LL_pnts <- scale_grid(r_sub,scale_factor=15)
head(LL_pnts)
#> x y
#> 1 0 0
#> 2 15 0
#> 3 30 0
#> 4 45 0
#> 5 60 0
#> 6 75 0
terra::plot(r_sub,col=clr,mar=c(1.5,1.5,0.75,5))
terra::plot(vect(LL_pnts,geom=c("x","y")),pch=3,col='#EEEEEE',add=TRUE)
Figure 6 The subset of the categorical raster and the scaled grid cell origin (lower left corners)
rel_abund <- relative_abundance_scaled_grid(r_sub,class_field='cover',scale_factor=15)
head(rel_abund)
#> x y A B C
#> 1 0 0 4.8888889 38.22222 56.88889
#> 2 15 0 10.2222222 38.66667 51.11111
#> 3 30 0 20.0000000 42.66667 37.33333
#> 4 45 0 24.8888889 40.44444 34.66667
#> 5 60 0 0.8888889 28.00000 71.11111
#> 6 75 0 17.7777778 37.33333 44.88889
# classify relative abundance samples to multi-dimensional grid points with a 33.3% class label precision and a 10 percent representativeness threshold and a monotypic class threshold of 90%
mdgp_result <- mdgp_scale(rel_abund,parts=3,rpr_threshold=10,monotypic_threshold=90)
#> [1] "number of cells: 400"
#> [1] "number of grid points: 10"
#> [1] "number of grid points remaining: 5"
head(mdgp_result)
#> cls A B C x_y prc_inf_agr class_name
#> 1 10 0.000 8.444 91.556 285_0 91.556 C100
#> 2 10 0.000 9.333 90.667 195_30 90.667 C100
#> 3 10 0.444 12.444 87.111 60_285 87.111 C100
#> 4 9 4.889 38.222 56.889 0_0 90.222 C67_x_B33
#> 5 9 10.222 38.667 51.111 15_0 84.444 C67_x_B33
#> 6 9 10.667 42.667 46.667 225_0 80.000 C67_x_B33
# convert classified points and location-specific information retention to raster
mdgp_raster <- scaling_result_to_raster(mdgp_result,class_name_field='class_name',scale_factor=15)
# plot the scaled map
clr_scale <- c('#E69F00','#56B4E9','#009E73','#F0E442','#0072B2','#D55E00')
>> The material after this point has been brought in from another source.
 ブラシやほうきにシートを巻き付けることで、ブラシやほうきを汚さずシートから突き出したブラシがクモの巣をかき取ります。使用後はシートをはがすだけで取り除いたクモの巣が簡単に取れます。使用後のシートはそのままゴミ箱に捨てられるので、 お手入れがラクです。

terra::plot(mdgp_raster[[1]],col=clr_scale,mar=c(1.5,1.5,1,8))
Figure 7 The scaled categorical raster with a new scaled classification scheme.
# plot information retention of the scaled map
terra::plot(mdgp_raster[[2]],col=gray.colors(20,start=0.1,end=1),mar=c(1.5,1,1,8))
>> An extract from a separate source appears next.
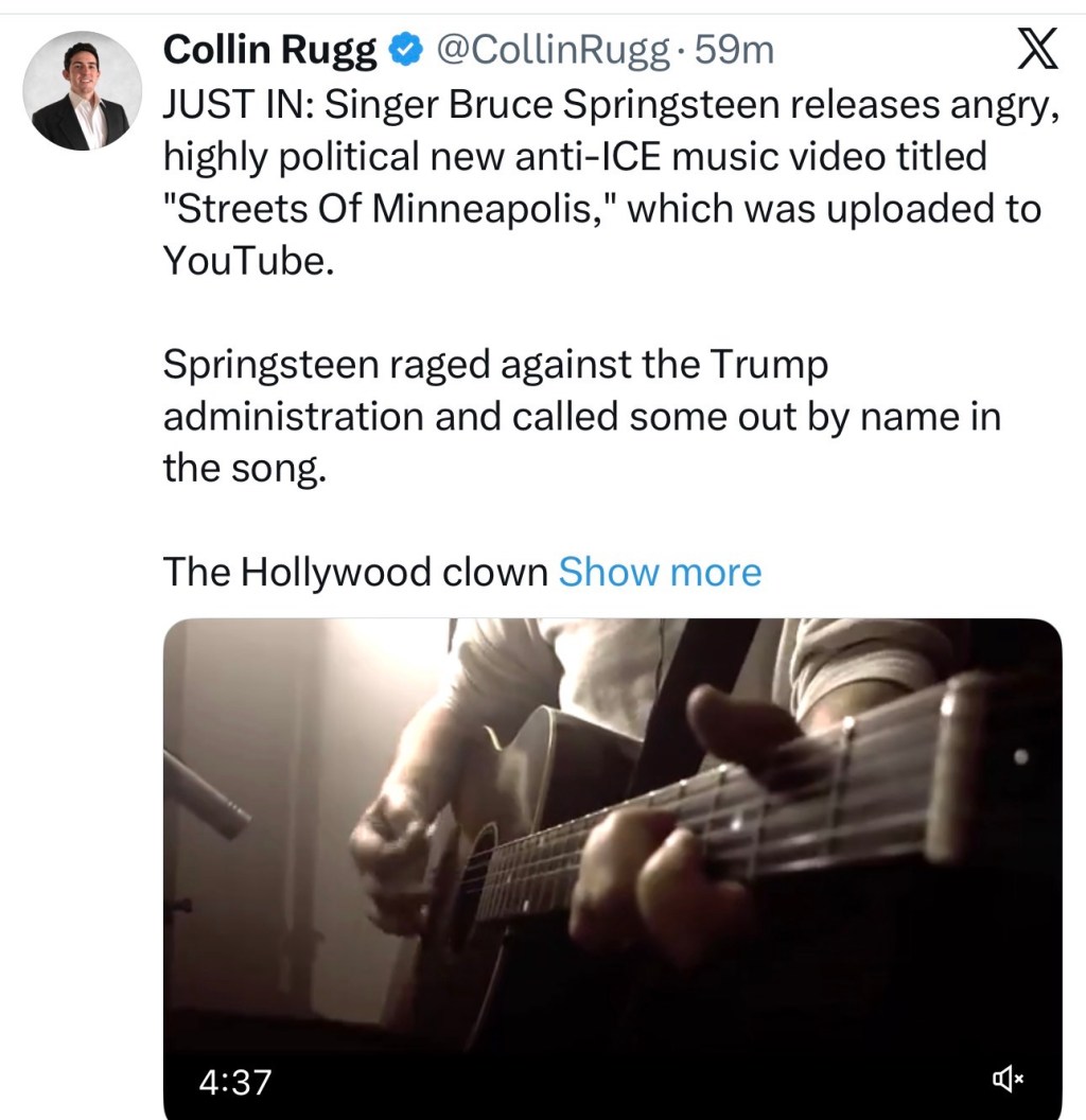 JUST IN: Singer Bruce Springsteen releases angry, highly political new anti-ICE music video titled "Streets Of Minneapolis," which was uploaded to YouTube.

Figure 8 Information retention raster at the scaled grid cell level.
A third list with two objects returns the class-specific mean and standard deviation of information retention as a data frame and the landscape scale aggregated mean and standard deviation as a list.
# print the class-specific and landscape scale summary statistics
print(mdgp_raster[[3]])
#> [[1]]
#> class_name freq class_id prop inf_retention_mn inf_retention_sd
#> 1 A33_x_B33_x_C33 165 1 0.4125 84.129 3.814
#> 2 A67_x_B33 122 2 0.3050 87.417 6.519
#> 3 B67_x_A33 29 3 0.0725 82.038 2.214
#> 4 C100 3 4 0.0075 89.778 2.352
#> 5 C67_x_B33 81 5 0.2025 88.093 5.132
#>
#> [[2]]
#> mean sd
#> information_retention_landscape 85.826 5.356
The next two figures present the scaling results for the full landscape when applying a with scale factor of 5 (Fig. 9) and 15 (Fig. 10) for three precision levels of 100%, 33.3% and 20%.
Scaling the full landscape with a scale factor of 15 and three precision levels of 100%, 33.3% and 20%.
This package generously relies on functions from the R packages terra (Hijmans, 2022), compositions (van den Boogaart et al., 2022), and partitions (Hankin, 2006).